How do I count the letters in Llanfairpwllgwyngyllgogerychwyrndrobwllllantysiliogogogoch?

Like many problems to do with strings, this can be done in a simple way with a regex.

>>> word = 'Llanfairpwllgwyn|gyllgogerychwyrndrobwllllantysiliogogogoch'
>>> import re
>>> pattern = re.compile(r'ch|dd|ff|ng|ll|ph|rh|th|[^\W\d_]', flags=re.IGNORECASE)
>>> len(pattern.findall(word))
51

The character class [^\W\d_] (from here) matches word-characters that are not digits or underscores, i.e. letters, including those with diacritics.


You can get the length by replacing all the double letters with a . (or any other character, ? would do just fine), and measuring the length of the resulting string (subtracting the amount of |):

def get_length(name):
    name = name.lower()
    doubles = ['ch', 'dd', 'ff', 'ng', 'll', 'ph', 'rh', 'th']
    for double in doubles:
        name = name.replace(double, '.')
    return len(name) - name.count('|')

name = 'Llanfairpwllgwyn|gyllgogerychwyrndrobwllllantysiliogogogoch'
print(get_length(name))
>>> 51

  1. Step through the string letter by letter
  2. If you are at index n and and s[n:n+2] is a digraph, add or increment a dictionary with the digraph as the key, and increment the index by 1 as well so you don't start on the second digraph character. If it's not a digraph, just add or increment the letter to the dict and go to the next letter.
  3. If you see the | character, don't count it, just skip.
  4. And don't forget to lowercase.

When you've seen all the letters, the loop ends and you add all the counts in the dict.

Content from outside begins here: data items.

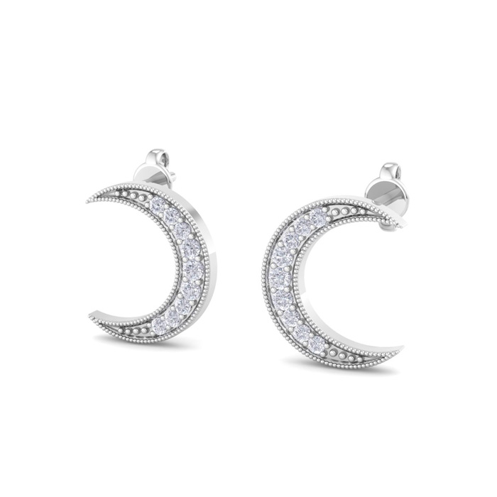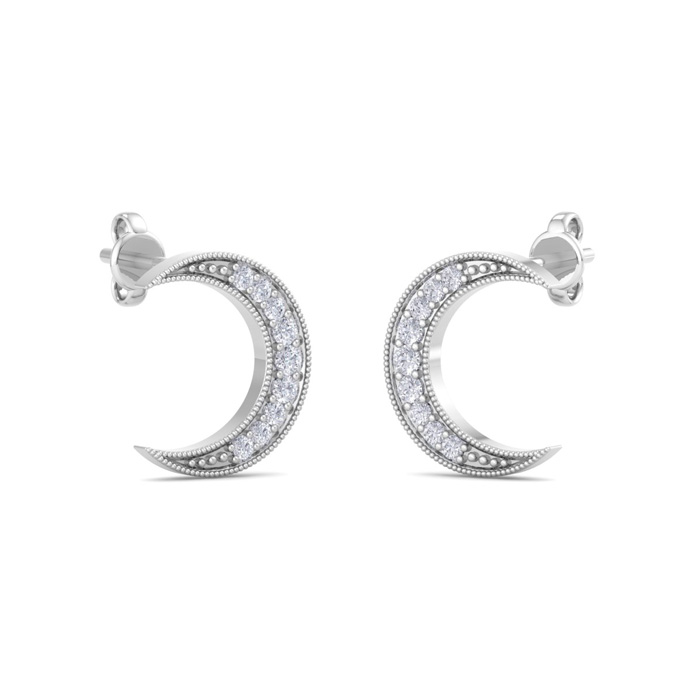 These diamond earrings feature 18 sparkling lab grown diamonds adorning moons. Total carat weight is 1/5 carat. Diamond color is G-H, diamond clarity is VS. These earrings are in sterling silver and have comfortable and secure post with friction backs.
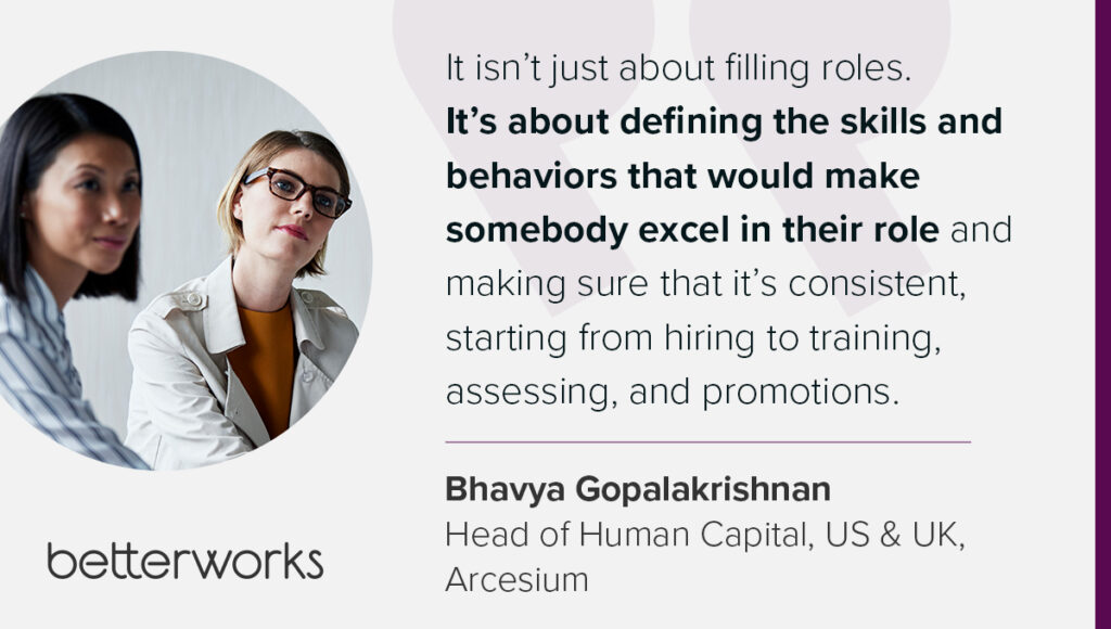 “It isn’t just about filling roles,” Bhavya said. “It’s about defining the skills and behaviors that would make somebody excel in their role and making sure that it’s consistent, starting from hiring to training, assessing, and promotions.”
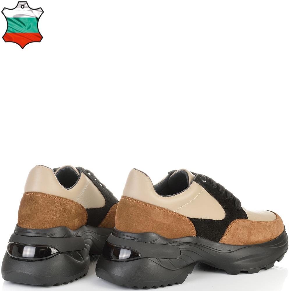 ДАМСКИ КЕЦОВЕ ОТ ЕСТЕСТВЕНА КОЖА С ВЕЛУР-D6030-ЧЕРНО/БЕЖОВО/КАФЯВО
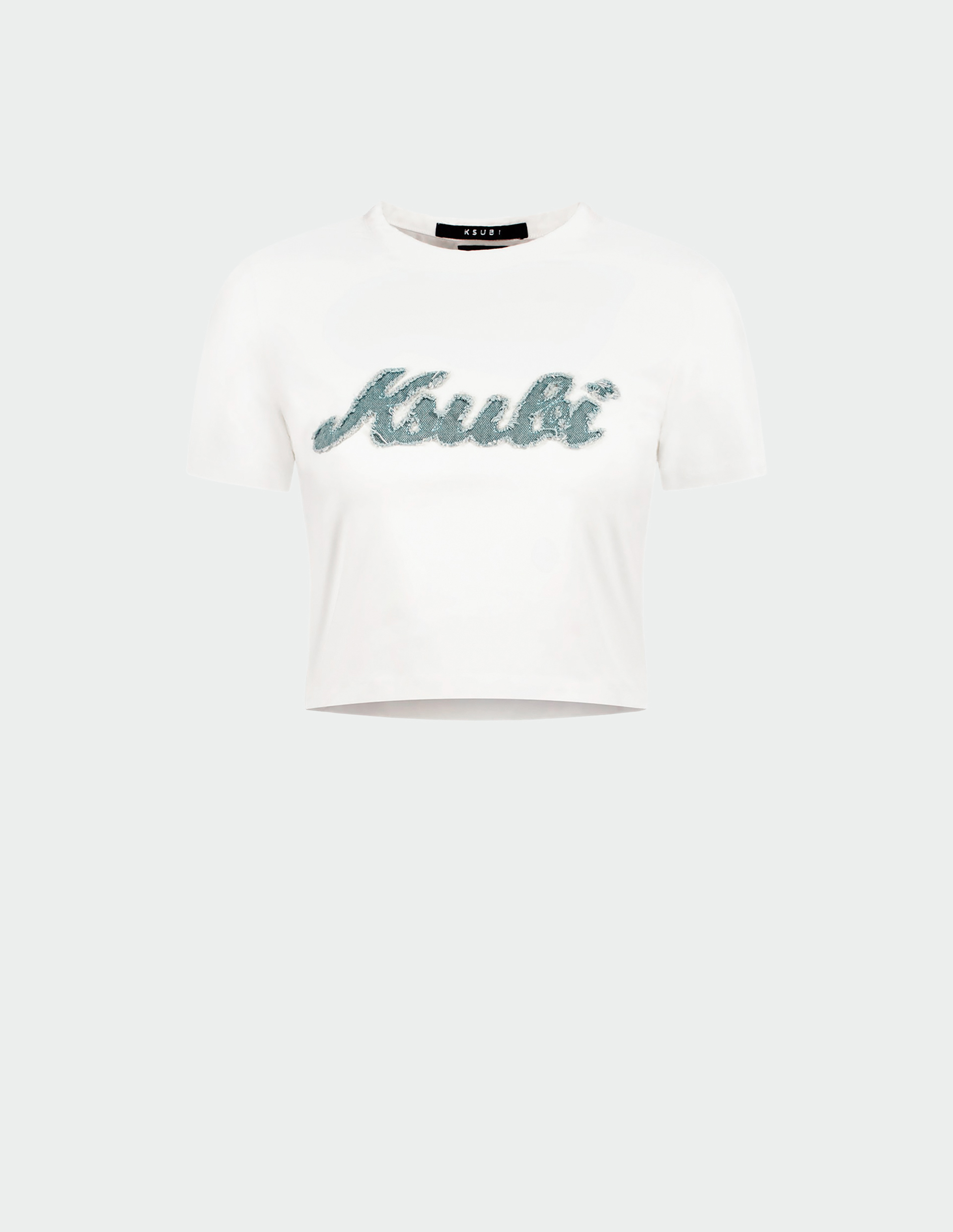 Графический контраст и игра фактур. Эта укороченная футболка от KSUBI превращает минималистичный белый топ в носитель фирменной брендовой идентичности. Модель выполнена из мягкого хлопкового джерси, который обеспечивает комфорт и сохранение формы. Ключевой акцент — крупное нашитое лого KSUBI из синего денима, которое контрастирует с белоснежным фоном не только цветом, но и текстурой: мягкая гладкость хлопка встречается с шероховатой плотностью джинсовой ткани. Укороченная длина создает современный, динамичный силуэт, делая эту футболку идеальным верхом для брюк и юбок с высокой посадкой.
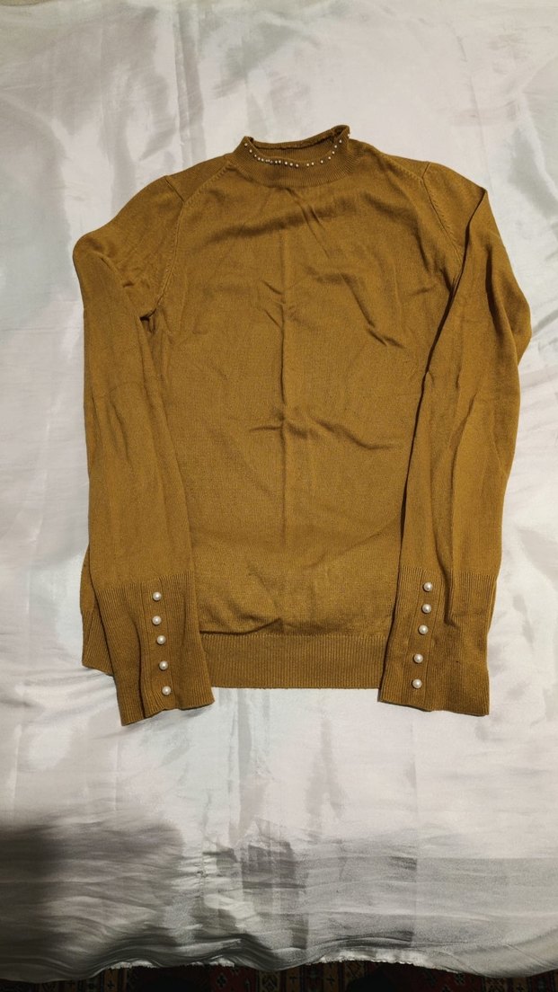 Düğmeli kol detaylı, boğazlı ve bej renkli, parlak görünümlü, normal midi uzunlukta, kadın triko kazak. Rahat ve şık sokak stili için uygundur. Sorunsuzdur s-m uyumlu

Here's my code, it works on your three examples:

from collections import defaultdict

digraphs=['ch','dd','ff','ng','ll','ph','rh','th']
breakchars=['|']


def welshcount(word):
    word = word.lower()
    index = 0
    counts = defaultdict(int)  # keys start at 0 if not already present
    while index < len(word):
        if word[index:index+2] in digraphs:
            counts[word[index:index+2]] += 1
            index += 1
        elif word[index] in breakchars:
            pass  # in case you want to do something here later
        else:  # plain old letter
            counts[word[index]] += 1

        index += 1

    return sum(counts.values())

word1='llong'
#ANSWER NEEDS TO BE 3 (ll o ng)

word2='llon|gyfarch'
#ANSWER NEEDS TO BE 9 (ll o n g y f a r ch)

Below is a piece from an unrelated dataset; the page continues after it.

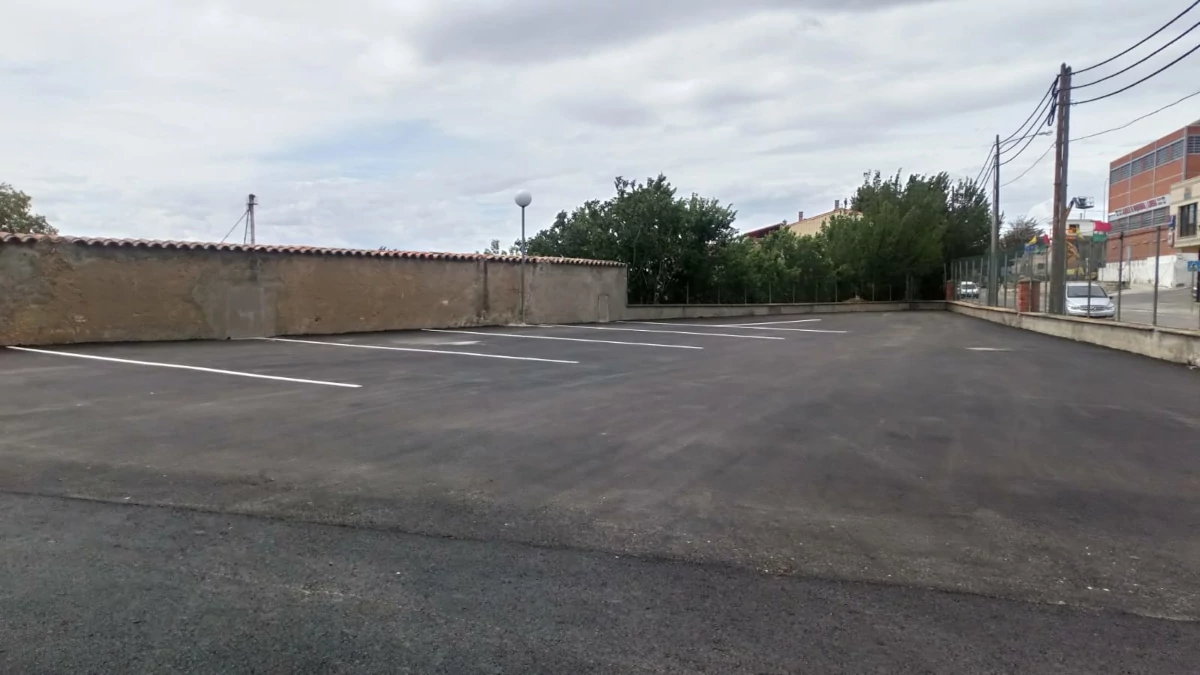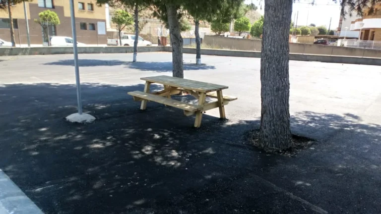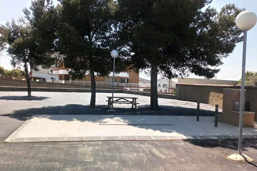 El área de autocaravanas de Caspe (Zaragoza) es de terreno asfaltado bastante bien nivelado y cuenta con una mesa para hacer picnic.

word3='Llanfairpwllgwyn|gyllgogerychwyrndrobwllllantysiliogogogoch'
#ANSWER NEEDS TO BE 51 (Ll a n f a i r p w ll g w y n g y ll g o g e r y ch w y r n d r o b w ll ll a n t y s i l i o g o g o g o ch)

print(welshcount(word1))
print(welshcount(word2))
print(welshcount(word3))

You could use a Combining Grapheme Joiner (+u034F) character to join the letters and then take your character count and take away the number of these joiners * 2.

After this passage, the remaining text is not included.